- [TASK TO CARRY OUT]
Instruction for the listing below: copy exactly, and only, the lines from the one holding "安庆市2021—2022学年" through its last line, omitting any picture.

- [DATA BLOCK]
^^^^^^^^^^^^^^^^

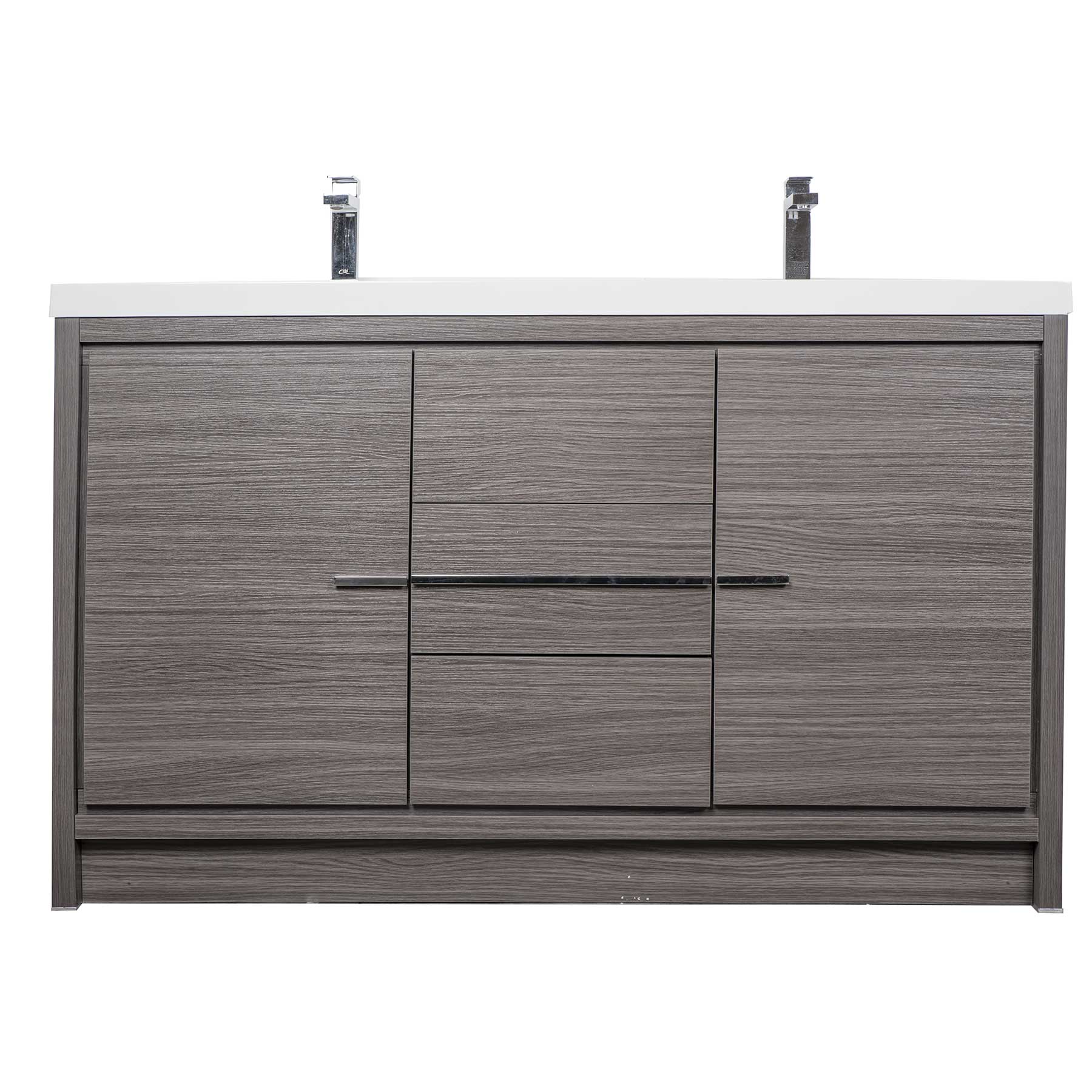 CBI Enna 59 Inch Double Bathroom Vanity Grey Oak TN-LA1500D-CO
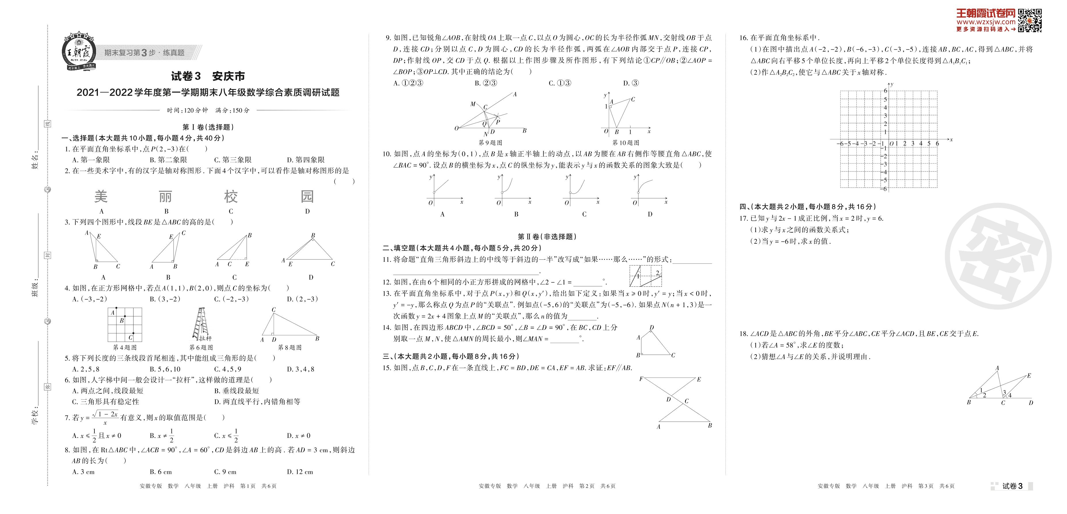 安庆市2021—2022学年度第一学期期末八年级数学综合素质调研试题(沪科版)【3】
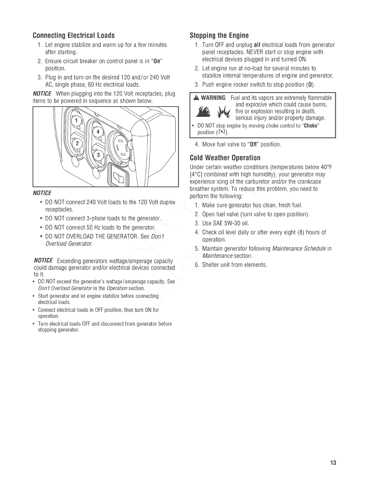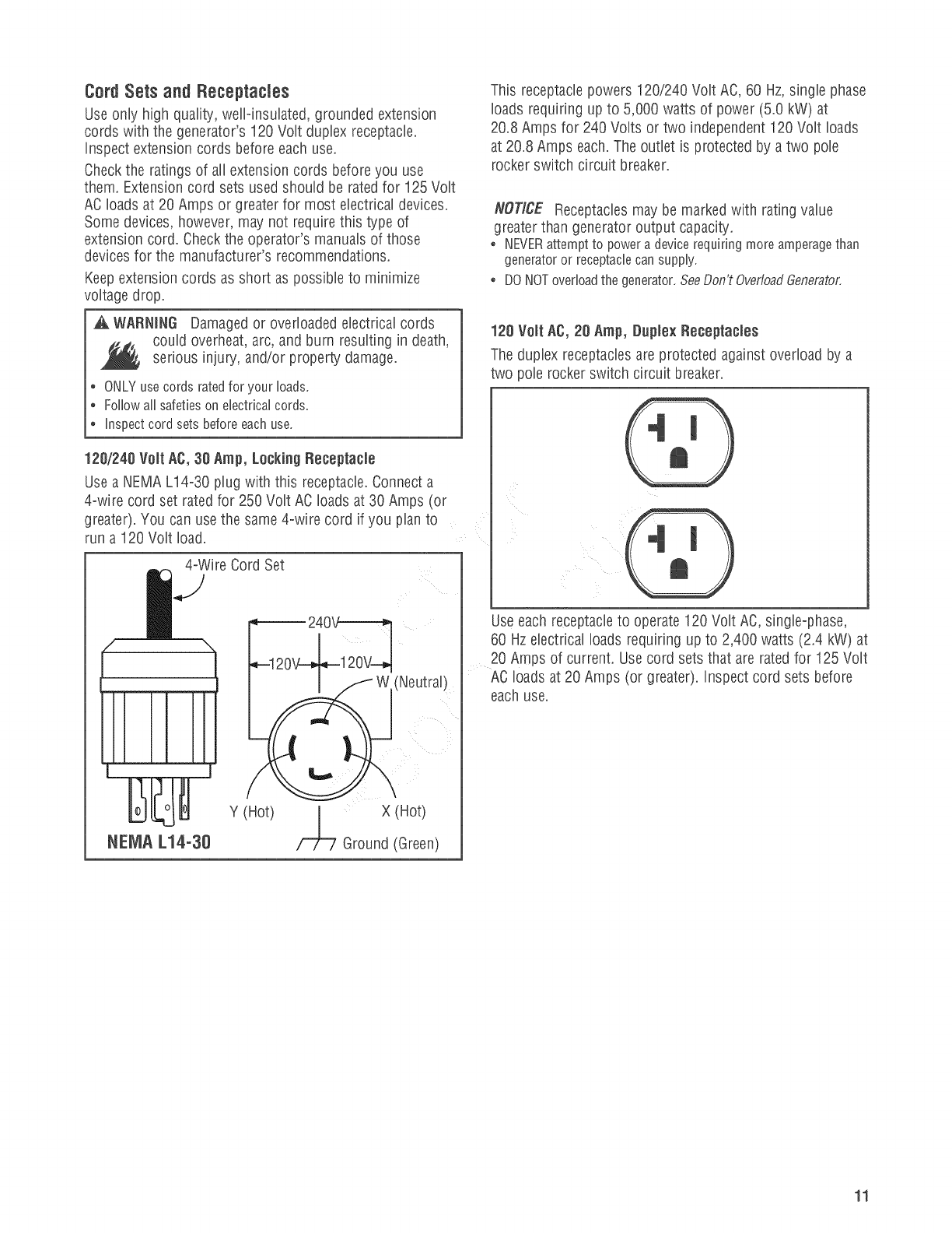 NOTICE Exceedinggeneratorswattage/amperagecapacity

^^^^^^^^^^^^^^^^

- [OUTPUT FOR THIS TASK]
 安庆市2021—2022学年度第一学期期末八年级数学综合素质调研试题(沪科版)【3】
 NOTICE Exceedinggeneratorswattage/amperagecapacity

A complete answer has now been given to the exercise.